TASK TO COMPLETE: Exactly as they appear, output all of the records. Skip any images.

BEGIN AVAILABLE DATA

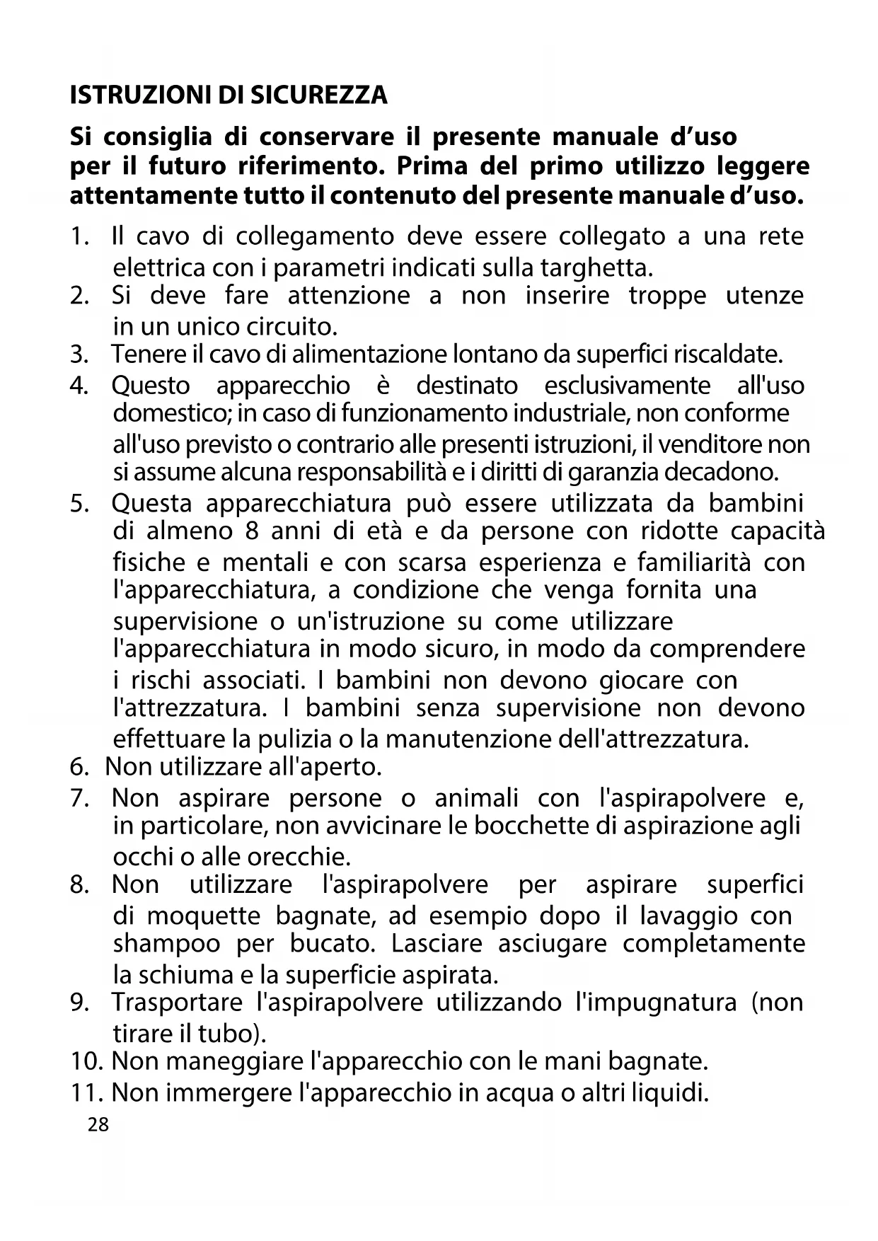 danni derivanti da un uso improprio dell'apparecchio. AVVERTENZA: L'uso improprio dell'apparecchio può causare lesioni. ATTENZIONE: Il sacchetto di plastica può essere pericoloso: per evitare il soffocamento con il sacchetto, tenerlo lontano da neonati e piccoli bambini.30
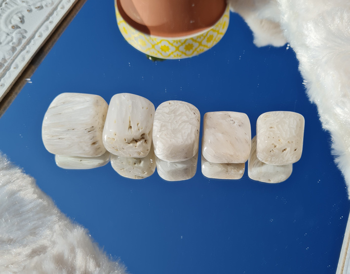 OverzichtTrommelstenen scoleciet of scolesiet uit India.
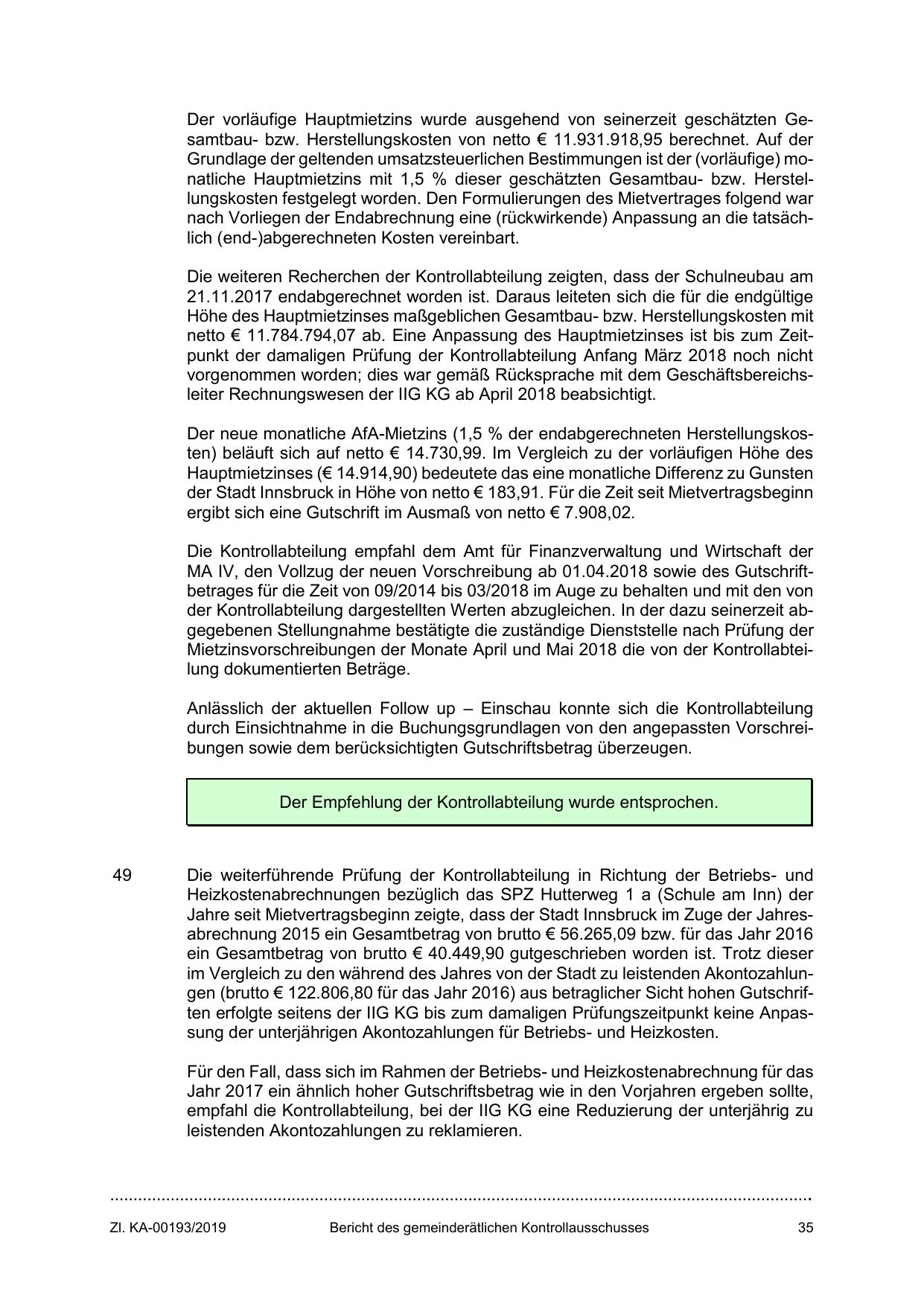 netto € 11.784.794,07 ab. Eine Anpassung des Hauptmietzinses ist bis zum Zeitpunkt der damaligen Prüfung der Kontrollabteilung Anfang März 2018 noch nicht
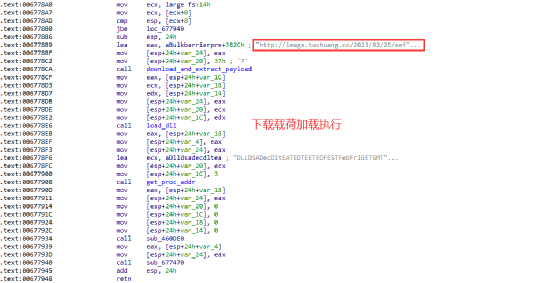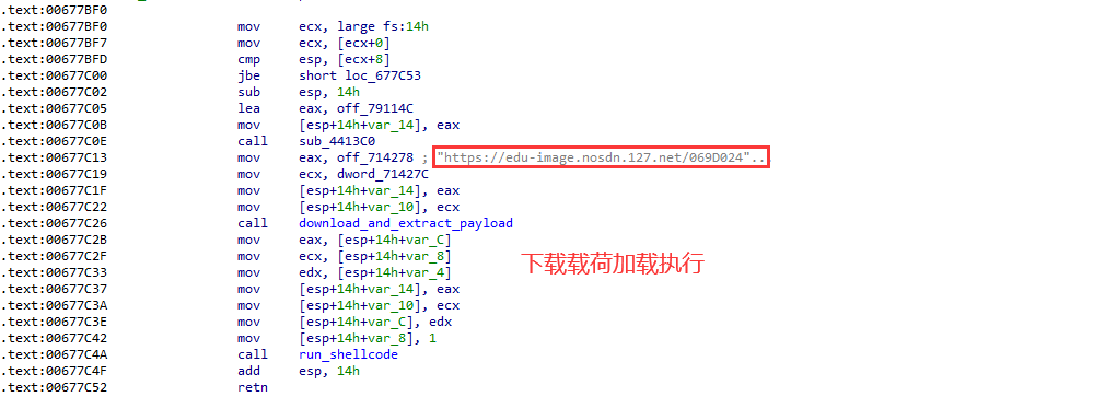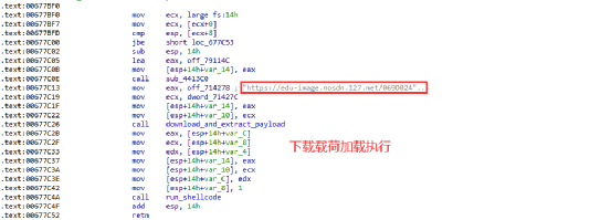 通过分析传播样本,可以发现相关的实际控制载荷使用存放图片的公共服务进行下载,并通过LSB隐写相关的shellcode在图片中。如下图所示,使用了image.tuchuang.co和edu-image.nosdn.127.net的公共服务,使得流量侧无法进行有效拦截。
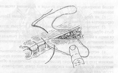d) тупоконечными ножницами, концы которых должны быть обращены в сторону фасции, последняя отсепаровывает-ся вверх и вниз. После этого под фасцию вводится тыльная сторона пинцета, над которым фасция рассекается ножницами до необходимого уровня;
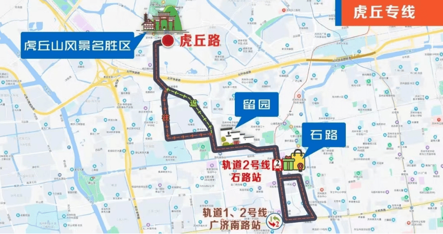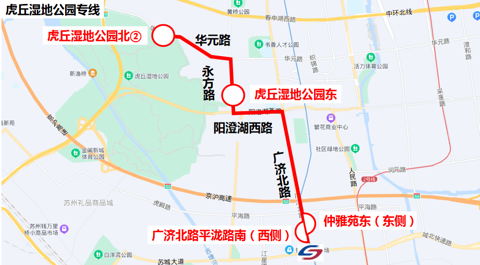 停靠站点:虎丘北门停车场、虎丘湿地公园萌宠乐园、虎丘湿地公园壮志桥、虎丘湿地公园萌宠乐园、虎丘北门停车场

END AVAILABLE DATA

ANSWER AREA:
 danni derivanti da un uso improprio dell'apparecchio. AVVERTENZA: L'uso improprio dell'apparecchio può causare lesioni. ATTENZIONE: Il sacchetto di plastica può essere pericoloso: per evitare il soffocamento con il sacchetto, tenerlo lontano da neonati e piccoli bambini.30
 OverzichtTrommelstenen scoleciet of scolesiet uit India.
 netto € 11.784.794,07 ab. Eine Anpassung des Hauptmietzinses ist bis zum Zeitpunkt der damaligen Prüfung der Kontrollabteilung Anfang März 2018 noch nicht
 通过分析传播样本,可以发现相关的实际控制载荷使用存放图片的公共服务进行下载,并通过LSB隐写相关的shellcode在图片中。如下图所示,使用了image.tuchuang.co和edu-image.nosdn.127.net的公共服务,使得流量侧无法进行有效拦截。
d) тупоконечными ножницами, концы которых должны быть обращены в сторону фасции, последняя отсепаровывает-ся вверх и вниз. После этого под фасцию вводится тыльная сторона пинцета, над которым фасция рассекается ножницами до необходимого уровня;
 停靠站点:虎丘北门停车场、虎丘湿地公园萌宠乐园、虎丘湿地公园壮志桥、虎丘湿地公园萌宠乐园、虎丘北门停车场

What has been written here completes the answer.